In general, the use of PONV prophyl agents is accompanied by the risk of various adverse events. In case of ramo, side effects ranging in severity from mild headache, drowsiness, dizziness, numbness of tongue, redness and diarrhea to potentially significant QTc prolongation, which may infrequently cause unexpected cardiac arrest may occur [39]. A recent meta-analysis of patients receiving gabapentin as antiemetic prophylaxis found that gabapentin in doses of 300, 600 and 900 mg produced no statistically significant sedation, whereas preoperative administration of gabapentin 1200 mg was associated with significantly greater postoperative sedation than controls [21]. In the present study, no significant differences in postoperative sedation were observed among all groups, whether they did or did not receive gabapentin. Moreover, in the current study, combining gabapentin and ramosetron did not increase the incidence of adverse events, such as dizziness, drowsiness and headache.
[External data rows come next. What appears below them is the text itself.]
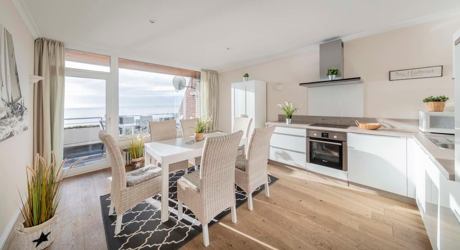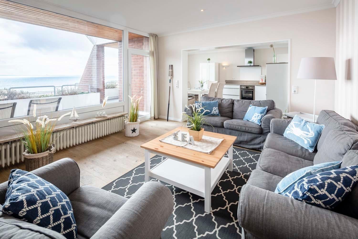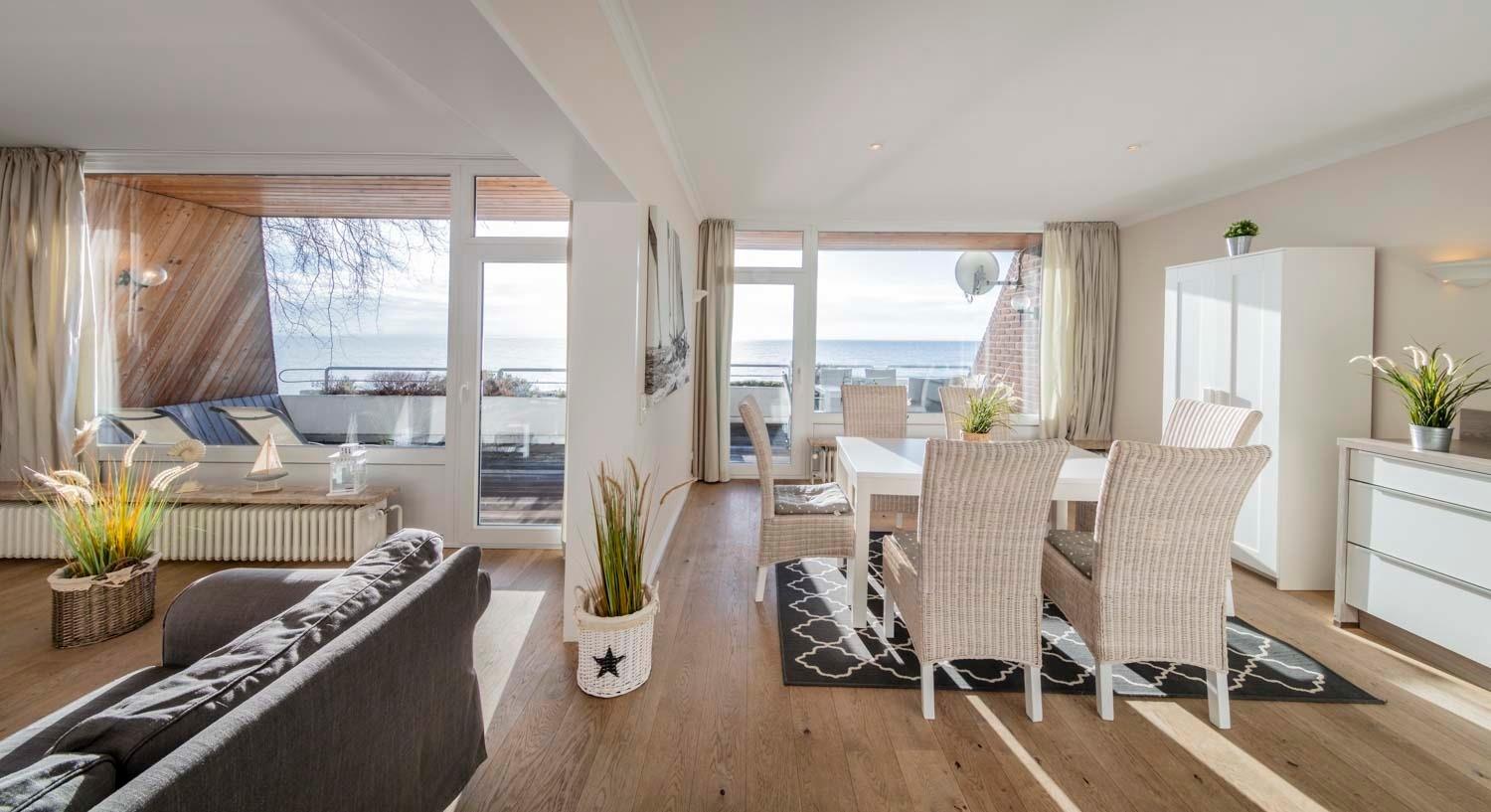 Die Ferienwohnung Strandsuite für 6 Personen zeigt sich in entwaffnender Pracht: Hochwertige Ausstattung, sensationelle Lage und postkarten-spektakulärer Meerblick.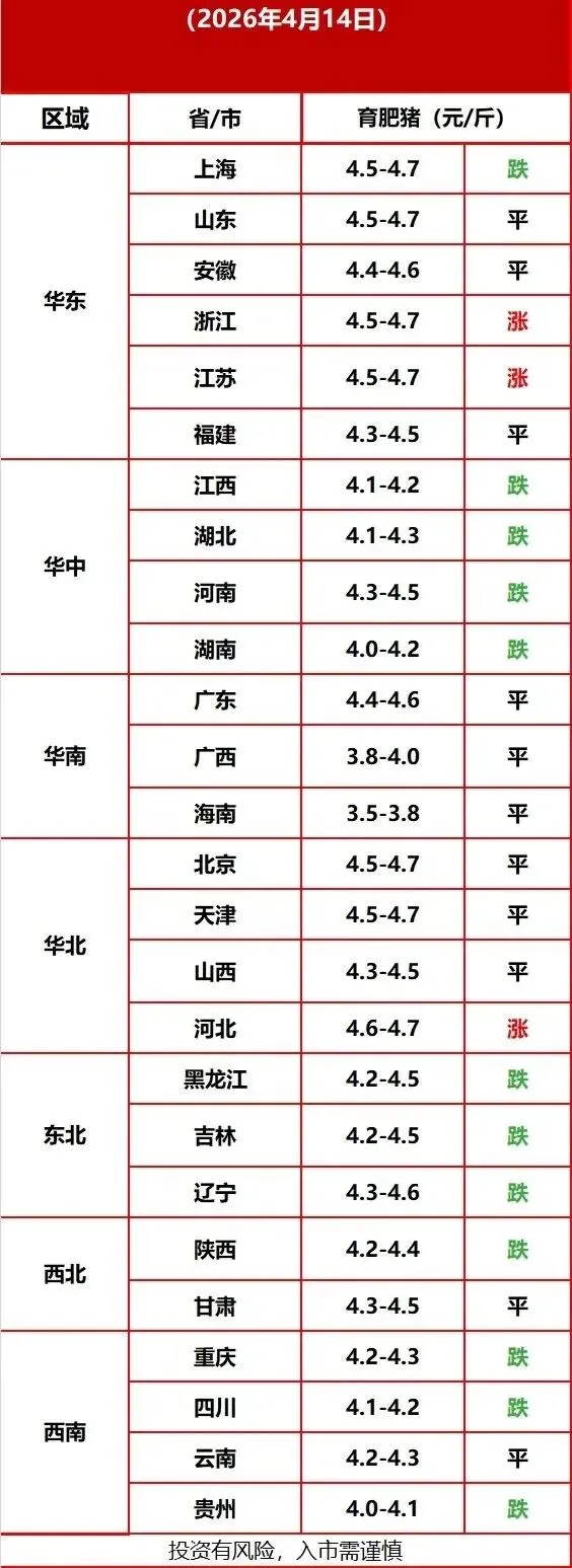 4月14日猪价 养羊网 2026-04-14 4月14日猪价每日猪价行情4月14日猪价点点赞推 荐 阅 读中东战火如何烧高我们的猪饲料?养猪人必看的成本预警!真金白银!温氏股份拟最高12亿回购,向市场释放最直接信号美国大豆想回中国餐桌?13%关税挡路,巴西笑了www.chinabreed.com中国养殖网编辑:郑高兴来源:中国养殖网、网络 养羊网 2026-04-14 上一篇:猪价已经12年最低何时反弹? 下一篇:猪价跌入“冰点”,头均亏超500元!浙江生猪市场三月数据透出哪些信号? 您可能还会对下面的文章感兴趣111: 相关文章 大黄的猪蹄已经上得厅堂下得厨房了 近期价格更新!!! 近期价格更新!!! 2026.02.23-今天猪价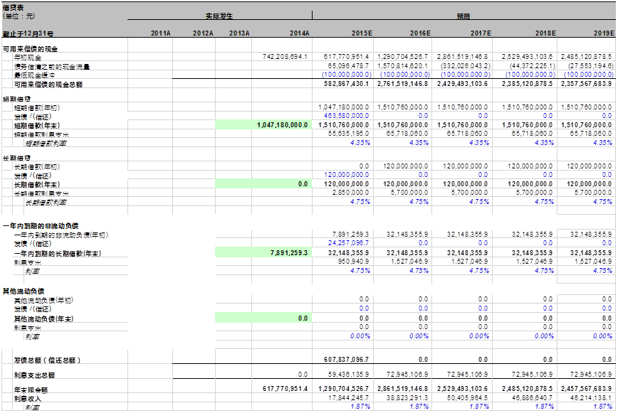 借贷计划表可以跟踪万达信息每笔主要债务以及和债务相关的利息和偿还计划。这个计划表也可以跟踪现金的供应量,是否这些现金的供应足够用来偿还债务。我们也可以推算这些现金能产生多少利息收入。当这个借贷计划表完成以后,我们的模型就会出来一个“循环引用”。这个循环引用和模型的其他表格链接起来。不要小看这个循环引用,它能告诉我们一个公司最多能借多少钱。而且要保证公司还有余钱来支付利息等等。
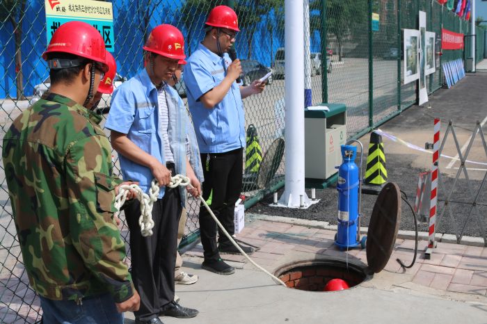 本次演練是以城發供熱三合村分公司所屬愛民街一次管網K1井因在嚴寒天氣管道介質溫升快、壓力高,造成一次供熱管網法蘭結合處拉伸開裂,造成熱水泄漏溢出,搶修人員在接到通知后進入現場進行搶修。在搶修過程中,因井內通風時間短,致使下井人員中一人腦部缺氧發生短時性休克,生命受到威脅為情景。演練分報告、應急響應、應急處置、應急配合、應急終止等科目。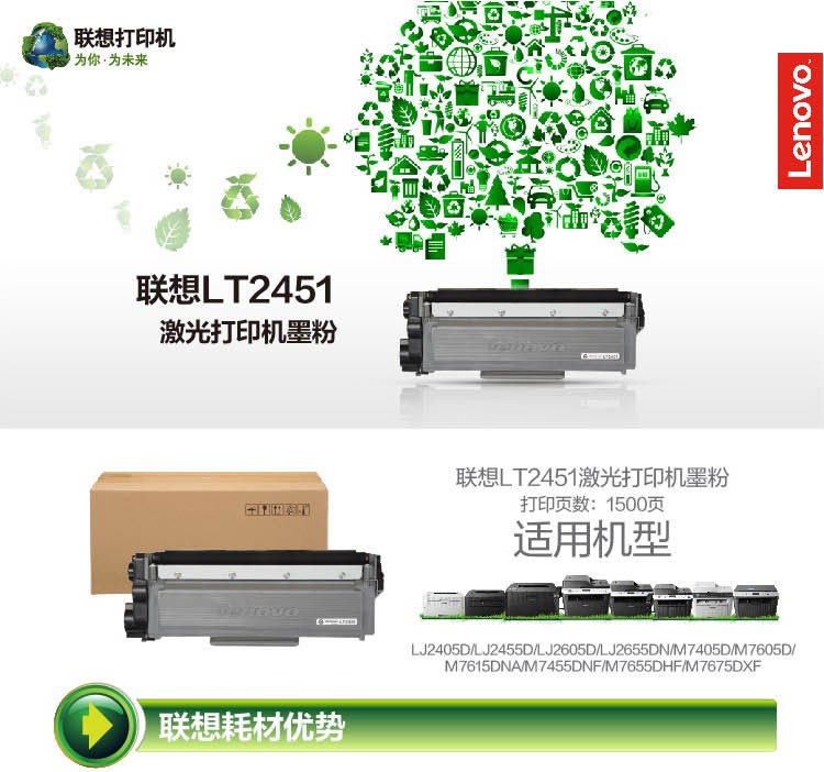 聯(lián)想/LENOVO LT2451粉盒 原裝粉盒 適用于M7400PRO 7605D打印機 約1500頁

The current study had additional limitations. First, oral placebo drugs were not administrated in the ramosetron group, which may have affected blinding. Secondly, we tested the efficacy of only one dosage of gabapentin and ramosetron. It is, therefore, not known whether different dosages of either or both drugs would have produced similar antiemetic efficacy. Further clinical investigations to determine the effects of diverse dosages of the two drugs as prophylactic regimens for preventing PONV should be performed in the future. Thirdly, we did not carry out a thorough investigation into the history of preoperative use of drugs which exert influence on the occurrence of PONV, such as antacid or prokinetic drugs.

Conclusions

In conclusion, the combination of gabapentin and ramosetron provided additional beneficial effects over ramosetron or gabapentin alone for high-risk patients requiring combination antiemetic prophylaxis. Based on the safety profile, known analgesic properties and cost, gabapentin might be usefully included in the list of pharmacotherapies for PONV prophylaxis in patients undergoing gynecologic laparoscopic surgery.